What is needed
From the data that follows, set down exactly the lines from the one with "チャーター便での納品等の理由により、 都度異なるFCへ納品することが難しい場合は、 FCを固定できます。" through the one with "Place a large", counting both. Pictures stay out.

Entries provided

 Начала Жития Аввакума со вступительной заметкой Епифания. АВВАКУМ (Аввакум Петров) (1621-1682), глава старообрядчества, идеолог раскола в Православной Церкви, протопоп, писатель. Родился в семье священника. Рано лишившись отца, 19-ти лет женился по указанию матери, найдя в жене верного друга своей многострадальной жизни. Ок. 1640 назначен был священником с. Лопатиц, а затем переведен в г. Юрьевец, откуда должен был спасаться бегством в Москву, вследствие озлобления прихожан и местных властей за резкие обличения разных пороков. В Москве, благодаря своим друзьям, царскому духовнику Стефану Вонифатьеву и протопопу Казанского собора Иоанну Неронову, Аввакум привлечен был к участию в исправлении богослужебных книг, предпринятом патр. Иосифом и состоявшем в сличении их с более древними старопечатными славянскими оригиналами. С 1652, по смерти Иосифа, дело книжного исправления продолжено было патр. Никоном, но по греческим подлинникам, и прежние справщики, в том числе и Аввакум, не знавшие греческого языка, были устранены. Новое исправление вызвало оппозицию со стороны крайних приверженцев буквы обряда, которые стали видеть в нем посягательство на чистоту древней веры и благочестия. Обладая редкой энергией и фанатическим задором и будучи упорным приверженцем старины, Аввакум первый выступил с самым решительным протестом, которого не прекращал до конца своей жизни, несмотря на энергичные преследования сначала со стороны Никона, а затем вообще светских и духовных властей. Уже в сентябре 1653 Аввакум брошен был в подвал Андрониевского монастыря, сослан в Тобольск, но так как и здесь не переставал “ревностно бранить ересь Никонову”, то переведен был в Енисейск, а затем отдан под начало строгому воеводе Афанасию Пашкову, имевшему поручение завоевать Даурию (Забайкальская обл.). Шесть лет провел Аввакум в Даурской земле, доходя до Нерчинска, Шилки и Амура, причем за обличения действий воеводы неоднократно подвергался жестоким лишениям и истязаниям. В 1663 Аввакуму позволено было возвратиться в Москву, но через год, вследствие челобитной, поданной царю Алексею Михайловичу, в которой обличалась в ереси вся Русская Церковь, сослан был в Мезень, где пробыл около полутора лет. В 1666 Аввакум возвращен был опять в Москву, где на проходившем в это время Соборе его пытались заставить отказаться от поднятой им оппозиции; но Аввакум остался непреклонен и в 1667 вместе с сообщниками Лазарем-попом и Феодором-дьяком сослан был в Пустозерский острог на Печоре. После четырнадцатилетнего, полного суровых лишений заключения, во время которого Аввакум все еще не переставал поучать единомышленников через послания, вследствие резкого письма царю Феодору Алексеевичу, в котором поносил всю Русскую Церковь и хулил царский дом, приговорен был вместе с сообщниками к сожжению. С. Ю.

==

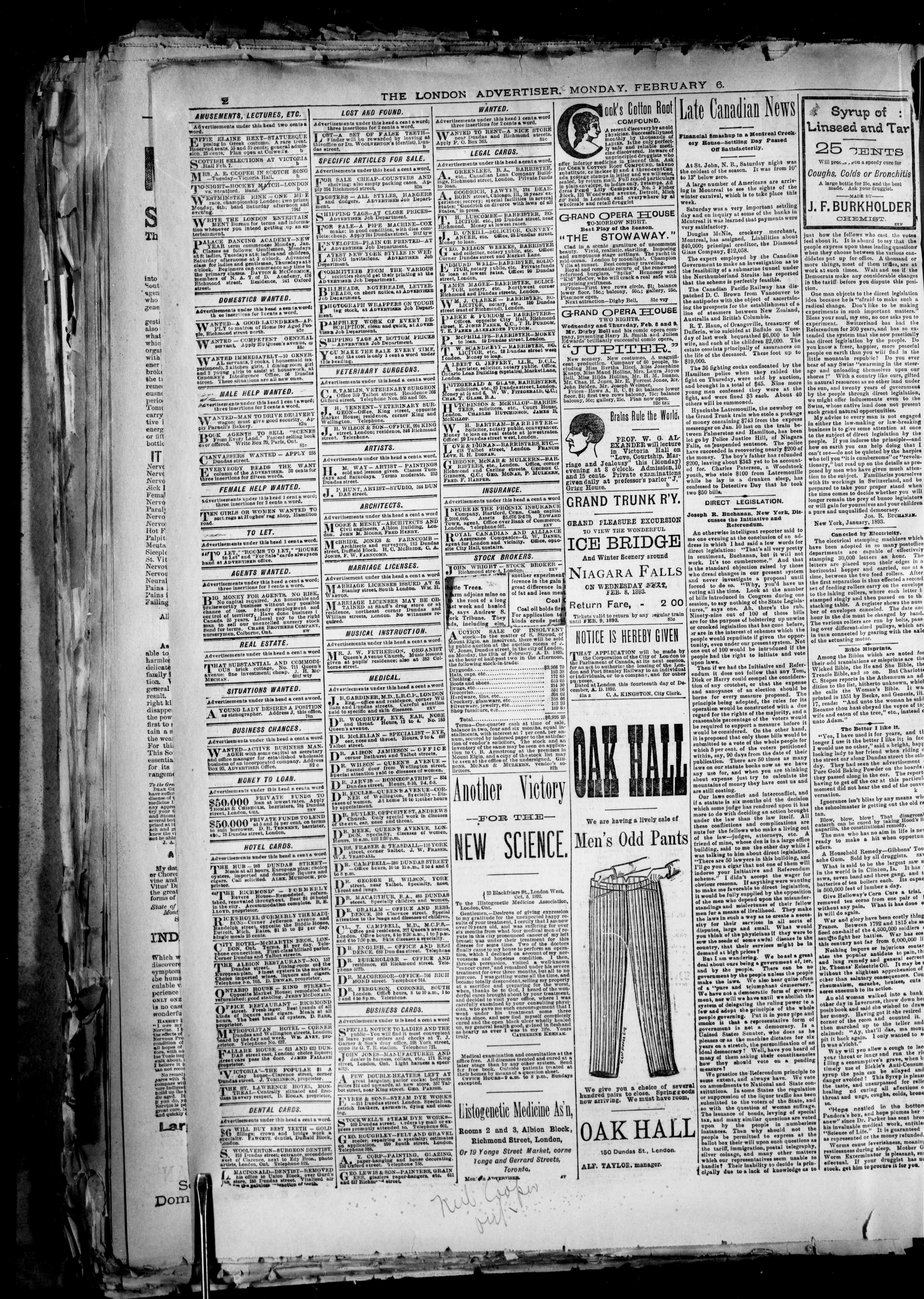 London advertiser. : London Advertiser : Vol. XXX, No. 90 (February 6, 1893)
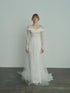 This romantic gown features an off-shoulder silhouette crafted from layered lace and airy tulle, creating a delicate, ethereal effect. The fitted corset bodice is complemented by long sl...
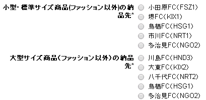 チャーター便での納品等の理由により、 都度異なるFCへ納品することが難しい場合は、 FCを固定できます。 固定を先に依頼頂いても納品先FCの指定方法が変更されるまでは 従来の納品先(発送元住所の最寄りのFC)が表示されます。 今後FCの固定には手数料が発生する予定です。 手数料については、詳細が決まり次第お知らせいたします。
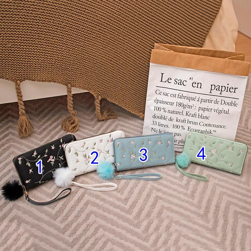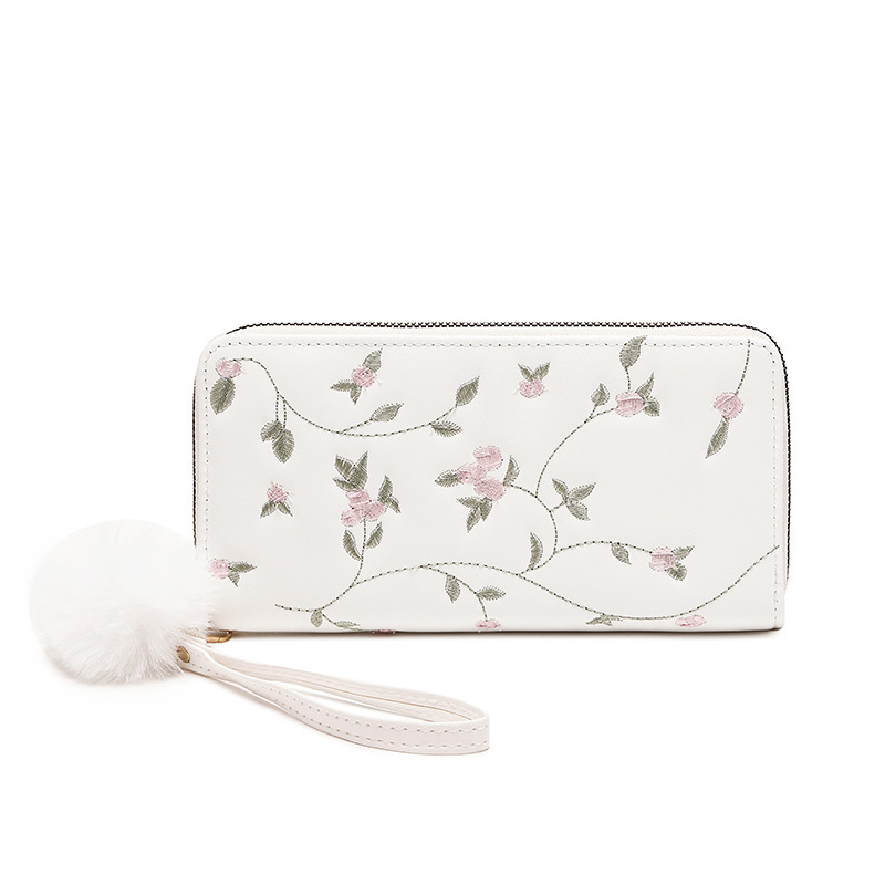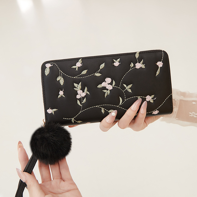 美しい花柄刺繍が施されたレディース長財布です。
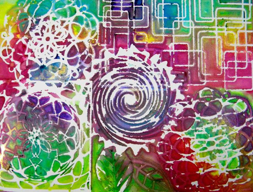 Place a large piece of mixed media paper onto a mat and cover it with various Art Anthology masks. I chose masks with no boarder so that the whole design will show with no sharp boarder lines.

Exercise answer
 チャーター便での納品等の理由により、 都度異なるFCへ納品することが難しい場合は、 FCを固定できます。 固定を先に依頼頂いても納品先FCの指定方法が変更されるまでは 従来の納品先(発送元住所の最寄りのFC)が表示されます。 今後FCの固定には手数料が発生する予定です。 手数料については、詳細が決まり次第お知らせいたします。
 美しい花柄刺繍が施されたレディース長財布です。
 Place a large piece of mixed media paper onto a mat and cover it with various Art Anthology masks. I chose masks with no boarder so that the whole design will show with no sharp boarder lines.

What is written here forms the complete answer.